不过,您可以相当轻松地对数据进行非规范化来克服这个问题;例如,您可以添加一个插入/更新触发器以将计数值与索引粘贴在汇总表中,以便您可以立即开始返回行。
One of the shortcomings of this query is that you order by an aggregate. That means that you can't return any rows until the full result set has been generated; no index can exist (for mysql myisam, anyway) to fix that.
You can denormalize your data fairly easily to overcome this, though; You could, for instance, add an insert/update trigger to stick a count value in a summary table, with an index, so that you can start returning rows immediately.
EXPLAIN 验证查询中使用了
(game, finish, user)
索引。对我来说这似乎是最好的索引。会不会是硬件问题?您的系统 RAM 和 CPU 是多少?The EXPLAIN verifies the
(game, finish, user)
index was used in the query. That seems like the best possible index to me. Could it be a hardware issue?
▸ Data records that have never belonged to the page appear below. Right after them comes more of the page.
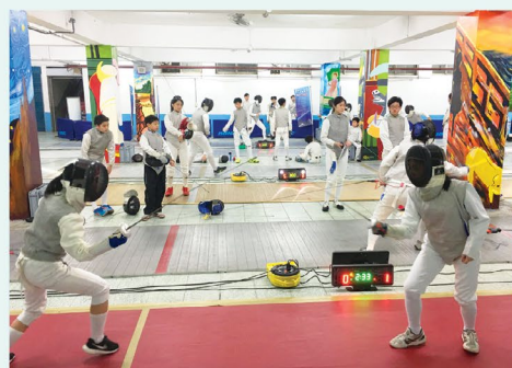
Participants having a friendly exchange of fencing skills with students from Taipei Municipal Cheng Zheng Junior High School.
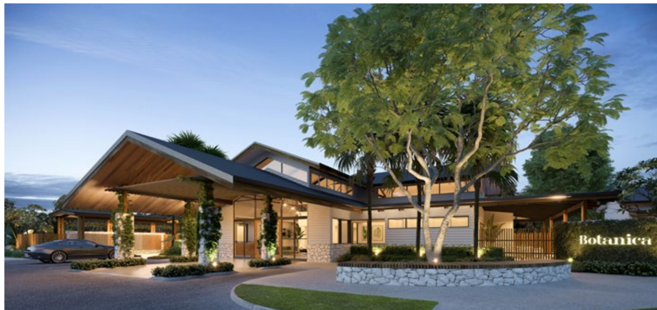
Urban Design at the newly built Botanica Lifestyle Resort, Smithfield, Queensland
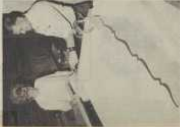
Vocational courses continue

The first year of progress with enrollment, 1978, the year of the largest graduating class, 1977, and the year of the first vocational courses, 1977, are the milestones for the college's first year.
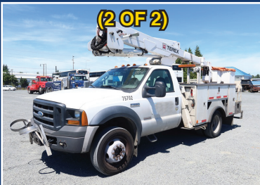
2007 FORD F550
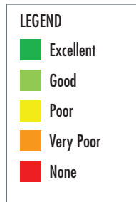
Figure 1: Sample Signal Strength Measurements of a Floor, at 2.4 GHz
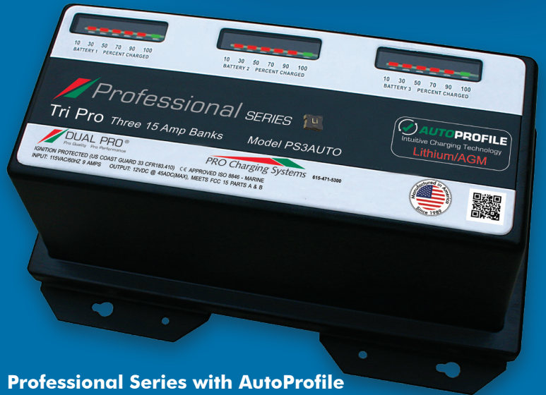
Professional Series with AutoProfile (with 1, 2, 3 or 4) 15 Amp banks
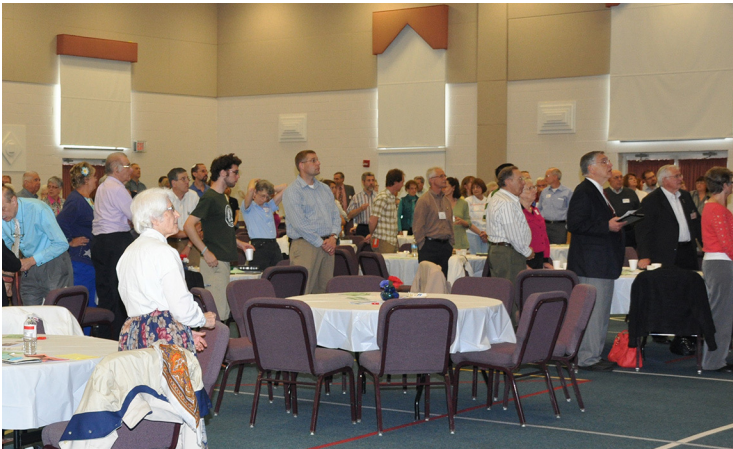
2013 Missionary Rally - Faith Bible Fellowship Church, Lancaster, PA
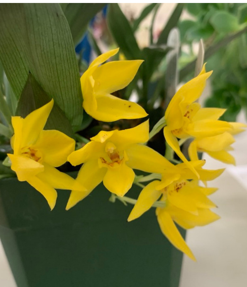
Clockwise from top left: Cypripedium pubescens (Leo Kusber), Strongylaria pannea (Chaunie Langland), and Promenaea silvana 'Zorro' CCM/AOS (Chaunie Langland)
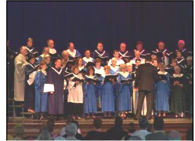
The Brandywine Area Community Choir raised more than $7500 for OTA this spring.
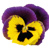
Yellow Purple Wing VW0211R/E
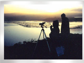
Tomales Bay is an area of great ecological significance.
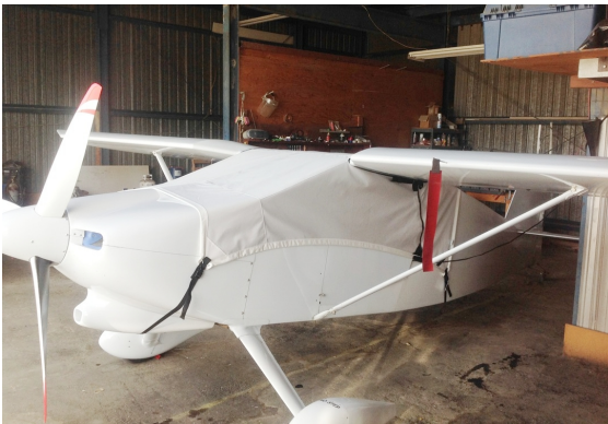
Wittman Tailwind Canopy Cover

This cover type is made from Silver Acrylic Sunbrella canvas and is 100% lined with a soft and smooth microfiber. Bruce's Custom Covers developed this material combination especially for aircraft protection. The outer material is medium weight and treated for water resistance, UV resistance and anti-static buildup. The inner lining is a very soft and smooth microfiber to prevent scratching. The material is very reflective, and tests show that the cabin interior temperature can be reduced to near-ambient temperature on the hottest of days. It is water, ice and snow repellent, yet breathable to allow moisture to escape from between the cover and the aircraft surface.
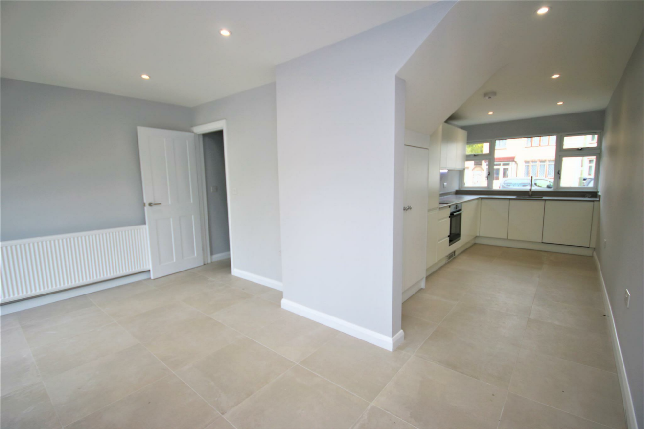
RECEPTION ROOM/BEDROOM 4: 15'3 x 13'1 max (4.65m x 3.99m max)

What is your system RAM and CPU?我认为大部分时间都花在了从 800k 行中提取 150k 行,更重要的是排序(两次,包括通过读取索引跳过的那一次)。我怀疑你能否比现在更优化它。
I take it that the bulk of the time is spent on extracting and more importantly sorting (twice, including the one skipped by reading the index) 150k rows out of 800k. I doubt you can optimize it much more than it already is.
正如其他人所指出的,您可能已达到调整查询本身的能力的极限。接下来您应该查看服务器中
max_heap_table_size
和tmp_table_size
变量的设置。默认值为 16MB,这对于您的表来说可能太小。As others have noted, you may have reached the limit of your ability to tune the query itself. You should next see what the setting of
max_heap_table_size
andtmp_table_size
variables in your server. The default is 16MB, which may be too small for your table.